Third paragraph includes your publication history, and, no, letters to the editor do not count. Nothing published? No worries. Include that you're a member of your local writing organization. In Boston, we have Grub Street and PEN New England, among a long list. If you don't have one, start one. List what writing classes you've taken. Still nothing? Then tell why you're the person to write this book. If you work with children with autism and your protagonist does as well, then include that. It worked for Mark Haddon who was awarded the Whitbred for The Curious Incident of the Dog in the Night.

Ah, the final paragraph. Be nice. Include the first few pages of your book. Wrap it up:

I’ve enclosed the first five pages of my 85,000-word manuscript. Thank you for taking the time to read my submission. I look forward to hearing from you.

That's it. Simple. If you have an agent, care to share what worked for you?


olufunke grace bankole: said...

dear amy,

thank you for this simple, yet thorough presentation on the query letter.

i've just returned from a week-long novel workshop in san francisco, and the instructor, a well-noted writer, encouraged us to query an agent, even if we thought we didn't have enough of a 'publication background' to do so.

since then, i've been coming across information about agents, and the querying process. perhaps it's time for me to leap.

Therese said...

I agree wholeheartedly with this, Amy. So much emphasis seems to get placed on two things: having a very succinct "hook," and having pub credits.

I had neither in the query that landed me my agent. Rather, my letter was very much as you describe.

It ran to just slightly over one page--another "must not" I've seen touted everywhere. Better, though, to focus on the "must" list:

Must be professional
Must be compelling

A short list, and your post today proves how easily it can be done.

Lynne Griffin and Amy MacKinnon said...

Iyan, I read about your workshop on your blog; it must have been invigorating. Leap and enjoy the flight. You'll be fine.
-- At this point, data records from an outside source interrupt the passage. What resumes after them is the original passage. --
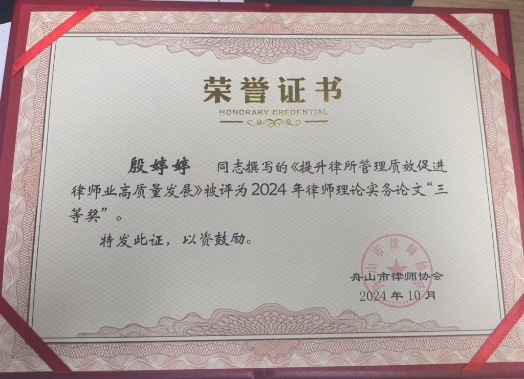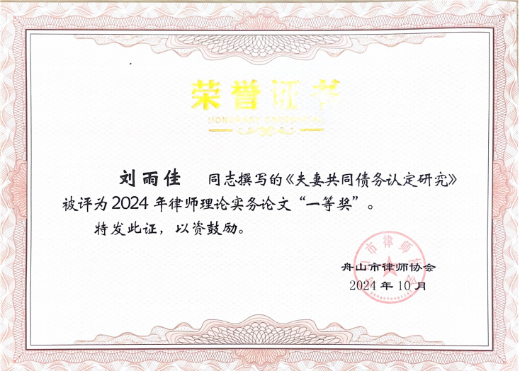 京衡浙江自贸区所律师获2024年律师理论实务论文奖项 时间:2024-10-08 10月8日,舟山市律师协会公布2024年律师理论实务论文获奖名单。此次论文评选共征集到45篇论文,经评审,共10篇论文获奖,评选出一等奖1篇、二等奖3篇、三等奖6篇。京衡浙江自贸区所2篇论文脱颖而出,分别是刘雨佳律师撰写的《夫妻共同债务认定研究》荣获一等奖;殷婷婷律师(实习)撰写的《提升律所管理质效促进律师业高质量发展》荣获三等奖。此次论文获奖,不仅是对京衡浙江自贸区所律师法律业务研究水平的认可,也是对京衡浙江自贸区所致力于专业化人才队伍建设的肯定。长期以来,京衡律师始终高度重视法律论文研讨工作,积极鼓励所内律师参与课题研究和论文撰写,以理论促实践,不断提升业务能力水平,为客户提供更优质的法律服务。
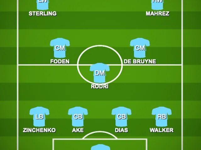 Doubtful: Kevin De Bruyne (thigh), Aymeric Laporte (muscle), Nathan Ake (groin)
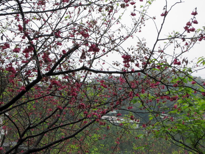 深紅的花色應該就是山櫻花…
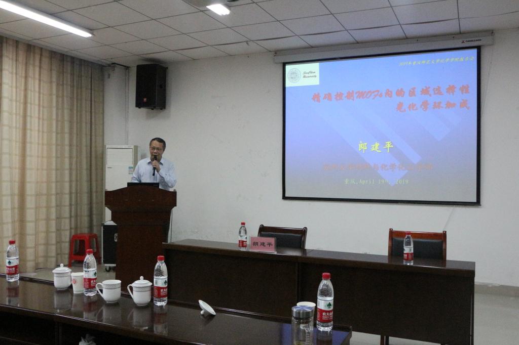 郎建平教授的报告题目为《精确控制MOFs内的区域选择性光化学环加成》。介绍了通过MOFs辅助的光化学环加成反应,比原有传统有机合成方法更加绿色、更加精准。
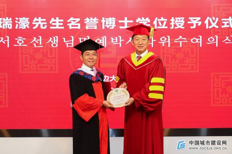 9月1日上午,根据国务院学位委员会学位[2022]1号文件通知精神,延边大学党政领导、教职员工、同学校友共同为马瑞濠举行了一场别开生面的名誉博士学位授予仪式。延边大学校长金雄为马瑞濠颁发了名誉博士学位证书、扶正流苏并赠送荣誉牌。
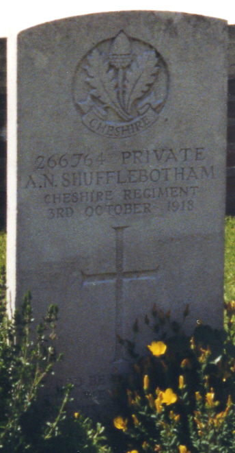 | Private Andrew Nathaniel SHUFFLEBOTHAM | 266764 | 1st/6th Btn, Cheshire Regt | October 3, 1918 | 29 | La Kreule Military Cemetery, Hazebrouck, France | b:1889 Brixton; f:Andrew Shufflebotham; m:Elizabeth Shufflebotham; ap:15 Whitefield, Heaton Norris, Stockport; w:Mary Clarke = 1913 Stockport; af:102 Chapel Street, Edgeley, Stockport; e:Stockport. | ||||
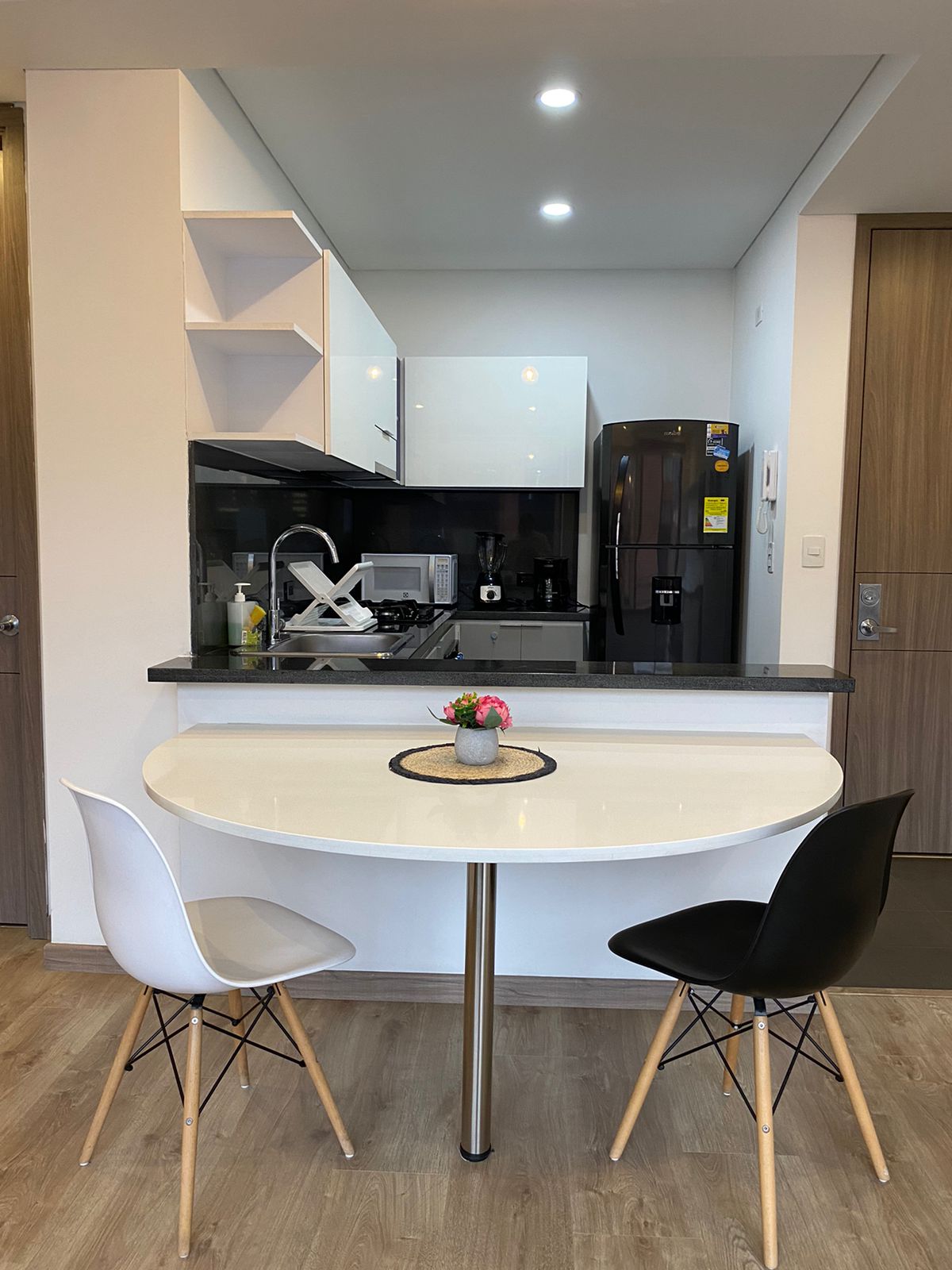 Located in the best area of Bogotá. ideal for business trips, leisure and small families that want to stay in a studio apartment. You will be in walking distance from three main shopping centers, top restaurants, gyms, supermarkets, bars, clubs, parks, coffe shops, hospitals and public trasnport stations in the city. This brand new studio apartament offers 24/7 doorman security a panoramic terrace on the building´s top floor, jacuzzi and front view to one of Bogota´s principal parks, el Virrey
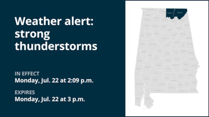 The National Weather Service issued a report at 2:09 p.m. on Monday for strong thunderstorms until 3 p.m. for Madison and Jackson counties.
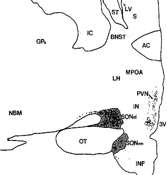 Le noyau supraoptique humain (SON, composants dorsolatéral et ventromédial) dans cette section coronale est indiqué par les zones ombrées. Les points représentent les neurones de la vasopressine (AVP) (également observés dans le noyau paraventriculaire, PVN). La surface médiale (à droite) est le 3e ventricule (3V)
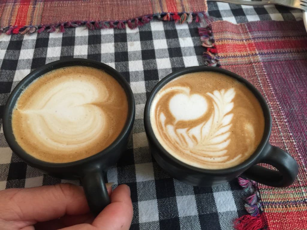 Daarna gaan we koffie drinken met Bhim en Binod, sinds ruim een jaar kennen ze hier ook cappuccino.

Let us know how it goes.

Therese, you're so right about there being no real rules, just guidelines. Your enormous success with Souvenir proves that. Professionalism and compelling writing is the hook. Any word from the UK?
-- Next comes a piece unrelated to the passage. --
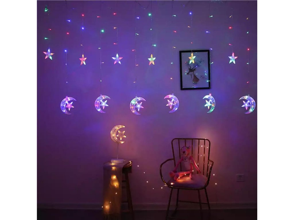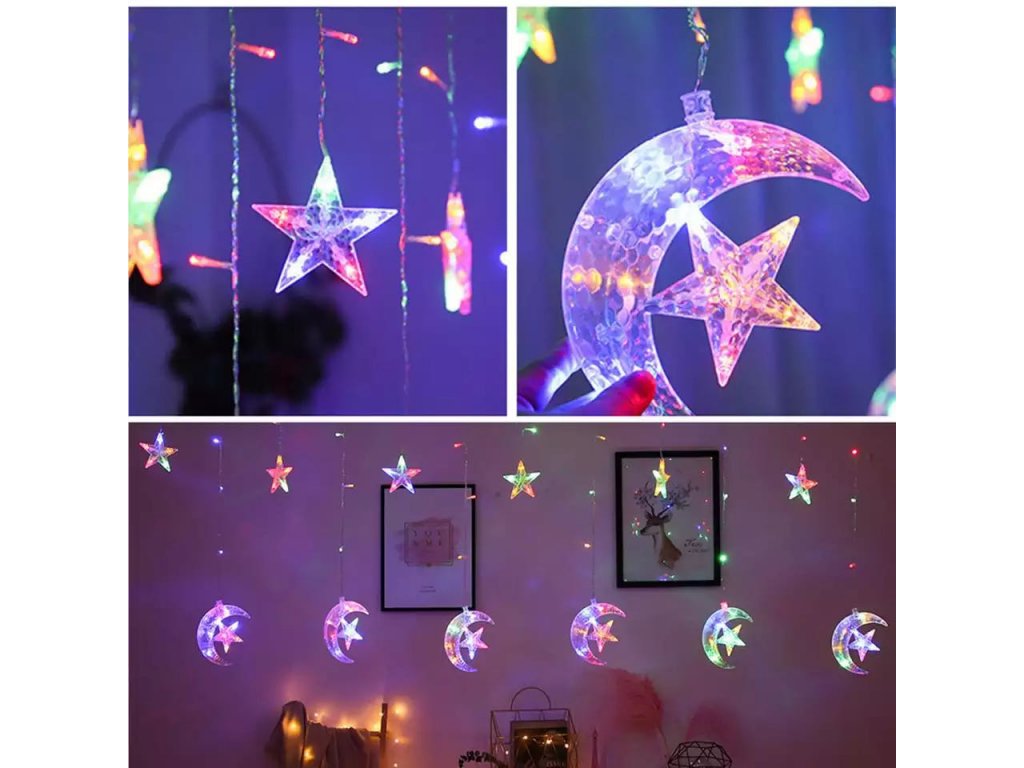 Světelný řetěz s 120 LED světýlky ve tvaru hvězdy a měsíce. Vhodný pro výzdobu vašeho pokoje, balkonu, lze také použít k výzdobě narozeninových oslav. Jen si dávejte pozor, při venkovním použití musíte zakryt ovládač před dešťem.

olufunke grace bankole: said...

dear amy,

thank you so much! i'll be sharing more as i go on.

yes, the vona "voices" workshop was truly life-affirming.

i still giggle at the thought that someone actually reads my blog--though i do get comments from time to time. :)

Therese Fowler said...

Amy, in fact I got my first-ever fan mail email earlier today! What an astonishing affirmation that was. :)

Lynne Griffin and Amy MacKinnon said...

OMG! How exciting! Now, weren't all those hours of angst worth it, Therese?


Therese Fowler said...

You know, they were anyway. But to get that fully independent glowing reader response...well, as I'm sure you've heard from many who got here before me, it's a priceless reward.

Anonymous said...


The first ever post that says 'writing a query is not difficult.'
It made me sit up and notice. Thank You for this.
One thing; I have heard this debate on whether to send the first five pages with the query or not. Most agents do not mention this in their submission guide lines.
What do you say about this issue.

Lynne Griffin and Amy MacKinnon said...

Reality, I queried by email and included the first page in the body of the email. If you were to query by snail, by all means include the first five pages or even the first chapter. Every agent I've spoken with liked seeing an example of the actual writing before requesting partials or fulls.


Anonymous said...

And what about the message engraved into all writers mind
"Thou shalt follow the submission guidelines."

A lot of published authors have said what you mention above and I still freak out at the idea of going beyond those agent guidelines.

Anonymous said...

No one ever got ahead in life by being a stickler for the rules.